Of course, our political brass won’t be so easily outdone by the media. And so, one BJP MP made an emotional pitch on social media saying ‘I cannot fire a gun but I know how to be a martyr’. I requested him, via Twitter, to donate his kidney and part of his liver to any army personnel in need but got blocked in return. He was, I believe, offended that I asked only for an organ while he volunteered to be a martyr; sacrifice his whole body.
The chief of the Confederation of All India Traders (CAIT) was so angered by the Chinese deceit that he launched a media blitz requesting boycott of Chinese goods. Curiously, his patriotic war cry coincided with the launch of Chinese phone OnePlus 8 Pro on Amazon. The phone was sold out on Amazon within minutes of its India launch, making me dread the consequences if the CAIT chief, with his public affiliation to the BJP, had called for boycotting paracetamol – the widely used drug, after all, has salts from China.

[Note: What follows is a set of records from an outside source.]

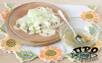 - Мелко нарезаем луковицу и обсыпаем кусочки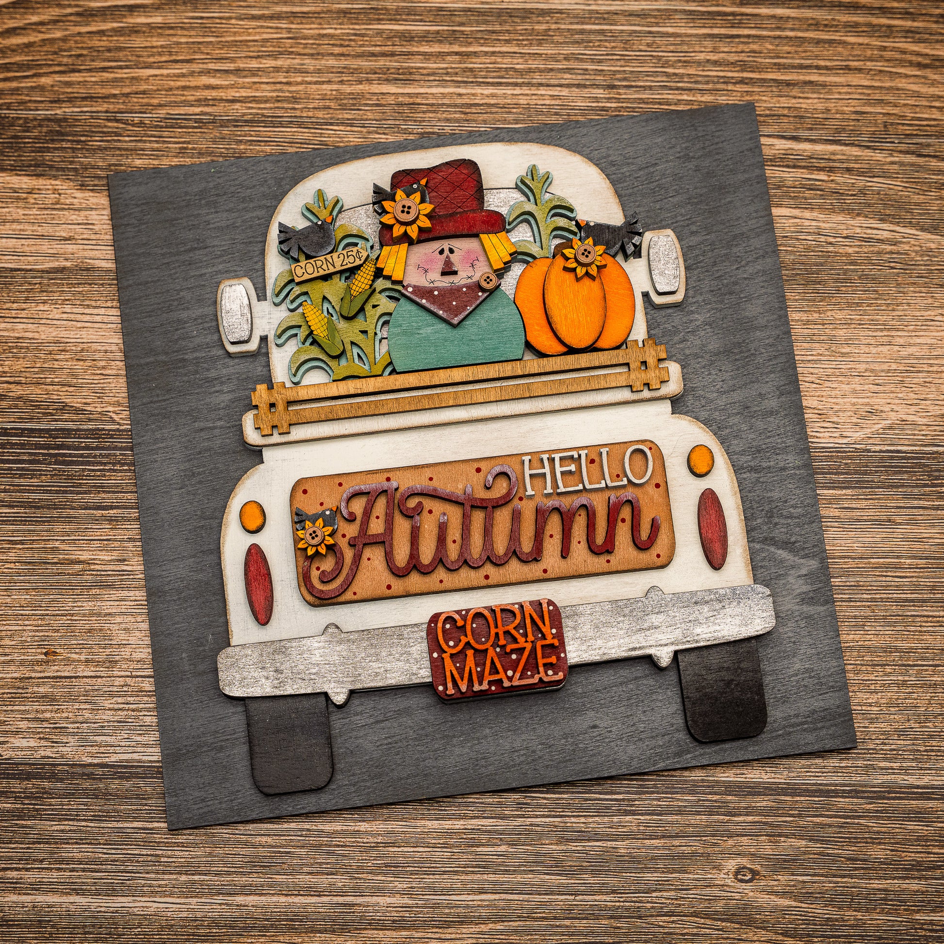 Our most detailed fall tile yet. This little white truck is packed with pumpkins, corn stalks, and one very festive scarecrow—all headed straight to the corn maze. It’s a whimsical statement piece that brings big fall energy to any room or front porch.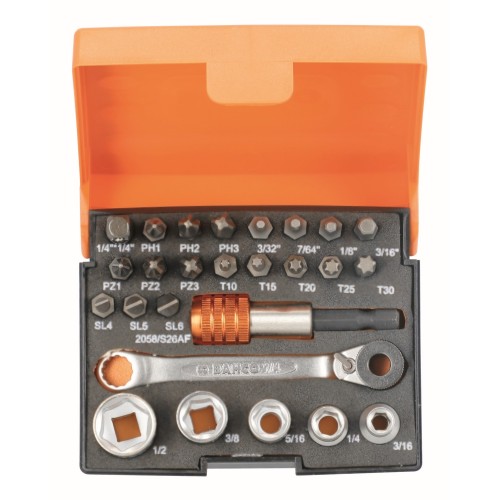 Juego de puntas y vasos estándar de 1/4" para tornillo de cabeza ranurada/ Phillips/Pozidriv/TORX®/Hex - 26 piezas | 2058/S26AF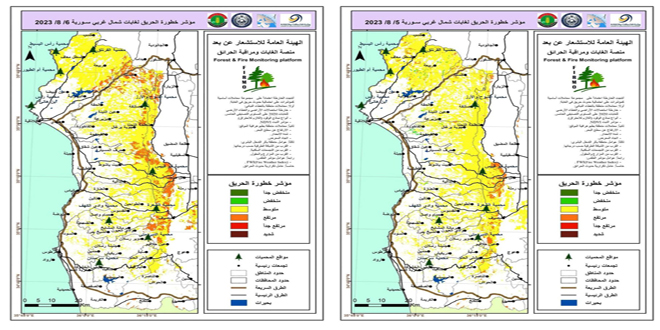 وأوضحت المنصة أنه يتم إعداد الخرائط في الهيئة العامة للاستشعار عن بعد بالتعاون مع وزارة الزراعة والإصلاح الزراعي- مديرية الحراج والمديرية العامة للأرصاد الجوية داعية جميع المواطنين إلى عدم إشعال النار والإبلاغ عن أي حريق عبر الاتصال على الأرقام المجانية 188 و113.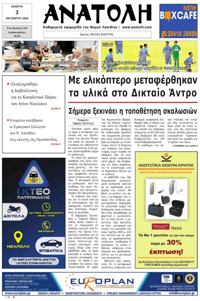 Πρωτοσέλιδο εφημερίδας “Ανατολή” 3/10/2024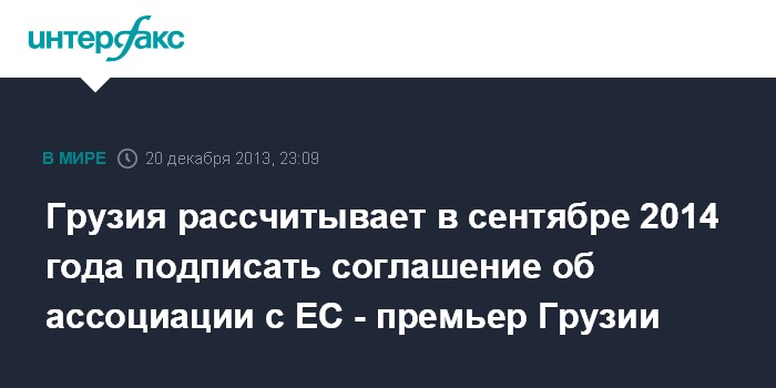 Тбилиси. 20 декабря. ИНТЕРФАКС - Грузия намерена до сентября 2014 года выполнить все необходимые процедуры для подписания соглашения об ассоциации с Евросоюзом, заявил премьер-министр Грузии Ираклий Гарибашвили.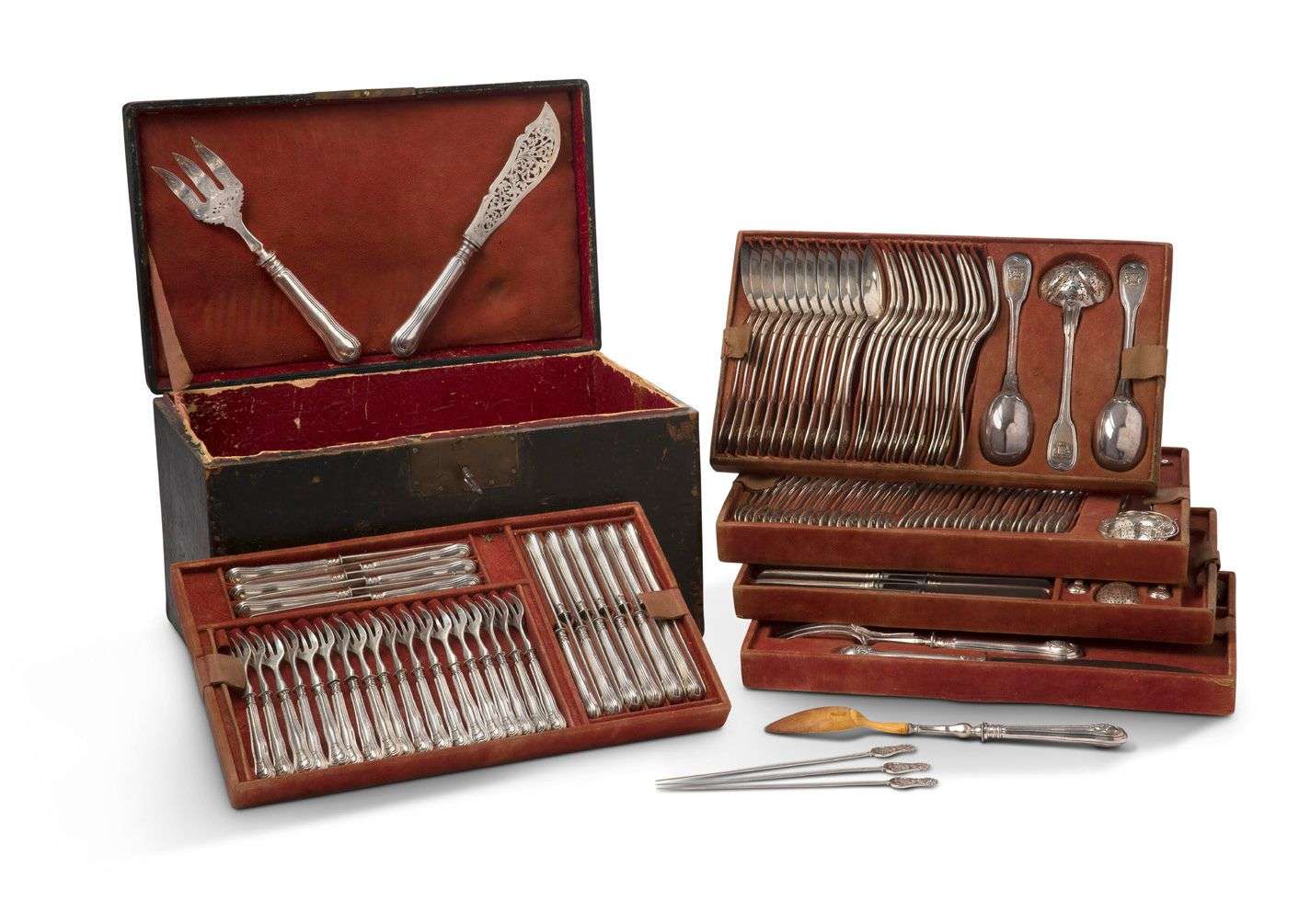 IMPORTANTE MÉNAGÈRE en argent modèle filets dont presque toutes les pièces sont aux grandes armoiries de la famille Roques de Beaumont sous une couronne comtale, en relief. Coffret à six plateaux comprenant notamment douze couverts de tables, dix-sept couverts à dessert avec les couteaux, 18 fourchettes à huitres et divers nombreux autres couverts de service. Dans sa boîte d'origine, couverte de cuir noire.Maîtres orfèvres : Hippolyte Thomas (insculpation en 1845) et Charles Cordonnier (insculpte en 1858).Poinçon Minerve. Et divers couverts en argent russe (poinçonnés)

The BCCI may have politicians – or at least their kin – in its key positions but our apex management body got one thing clear – don’t mix sport and politics, at least when money is concerned. The BCCI categorically said Vivo will remain its main sponsor, come war or bonhomie between India and China.
I leave with one final observation – our Prime Minister has met the Chinese President 18 times and even the earlier Doklam crisis was no deterrent for what now transpires to be a one-sided bonhomie. Chanakya (the original; not our current license-holder for masterstrokes) had advised: “Learn from the mistakes of others… You cannot live long enough to make them yourselves.” A lesson for Modi?
(The author is a national spokesperson of AAP, a former Lok Sabha MP and an ex-IPS officer. Views expressed are personal.)